-- DATA PROVIDED follows --
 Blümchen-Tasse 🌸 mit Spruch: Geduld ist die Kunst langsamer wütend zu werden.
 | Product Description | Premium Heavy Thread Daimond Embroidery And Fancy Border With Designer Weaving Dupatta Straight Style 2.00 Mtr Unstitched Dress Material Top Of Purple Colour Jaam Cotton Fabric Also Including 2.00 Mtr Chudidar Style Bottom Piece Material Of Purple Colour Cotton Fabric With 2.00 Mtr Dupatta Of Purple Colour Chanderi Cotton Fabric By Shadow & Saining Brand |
-- DATA PROVIDED concluded --
-- DATA PROVIDED follows --
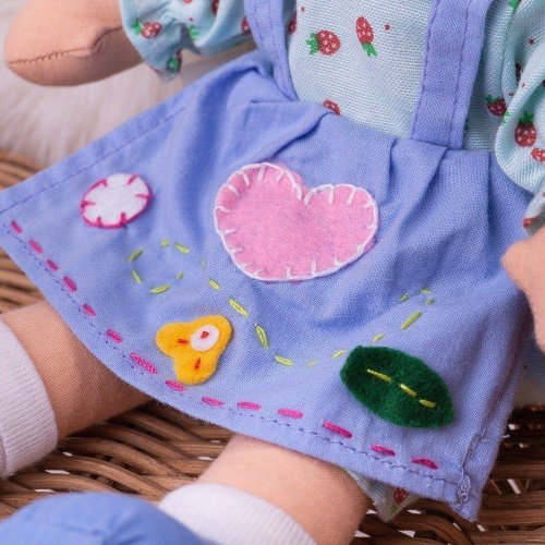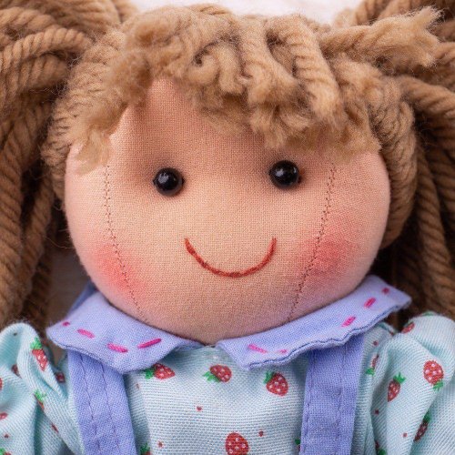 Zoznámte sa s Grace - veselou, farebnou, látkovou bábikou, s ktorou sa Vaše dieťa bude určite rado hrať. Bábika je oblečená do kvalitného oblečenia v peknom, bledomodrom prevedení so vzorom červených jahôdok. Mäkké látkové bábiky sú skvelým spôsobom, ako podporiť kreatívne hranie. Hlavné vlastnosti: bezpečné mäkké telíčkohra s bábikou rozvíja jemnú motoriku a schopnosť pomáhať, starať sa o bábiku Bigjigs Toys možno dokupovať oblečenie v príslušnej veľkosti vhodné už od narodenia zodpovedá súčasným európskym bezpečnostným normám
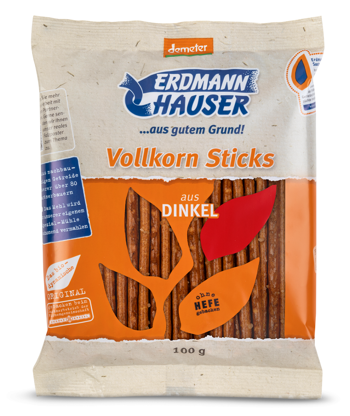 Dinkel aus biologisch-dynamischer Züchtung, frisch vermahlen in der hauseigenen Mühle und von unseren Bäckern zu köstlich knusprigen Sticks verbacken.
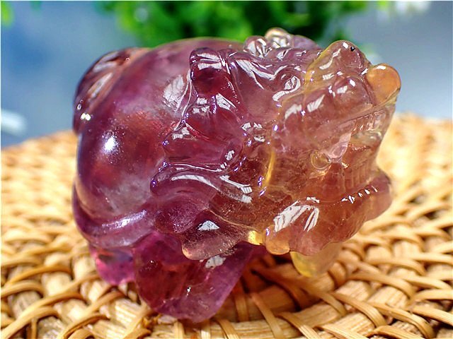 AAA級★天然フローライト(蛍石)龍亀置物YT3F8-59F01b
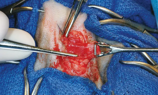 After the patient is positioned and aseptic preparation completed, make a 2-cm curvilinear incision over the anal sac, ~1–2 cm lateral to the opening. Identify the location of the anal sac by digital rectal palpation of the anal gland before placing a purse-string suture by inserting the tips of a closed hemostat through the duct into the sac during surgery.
-- DATA PROVIDED concluded --
> [WHAT YOU HAVE TO DO] Within the entries above, the lines from the one containing "Dinkel aus biologisch-dynamischer" through the one containing "After the patient" are to be transcribed exactly, ends included, pictures excluded.

> [TASK ANSWER]
 Dinkel aus biologisch-dynamischer Züchtung, frisch vermahlen in der hauseigenen Mühle und von unseren Bäckern zu köstlich knusprigen Sticks verbacken.
 AAA級★天然フローライト(蛍石)龍亀置物YT3F8-59F01b
 After the patient is positioned and aseptic preparation completed, make a 2-cm curvilinear incision over the anal sac, ~1–2 cm lateral to the opening. Identify the location of the anal sac by digital rectal palpation of the anal gland before placing a purse-string suture by inserting the tips of a closed hemostat through the duct into the sac during surgery.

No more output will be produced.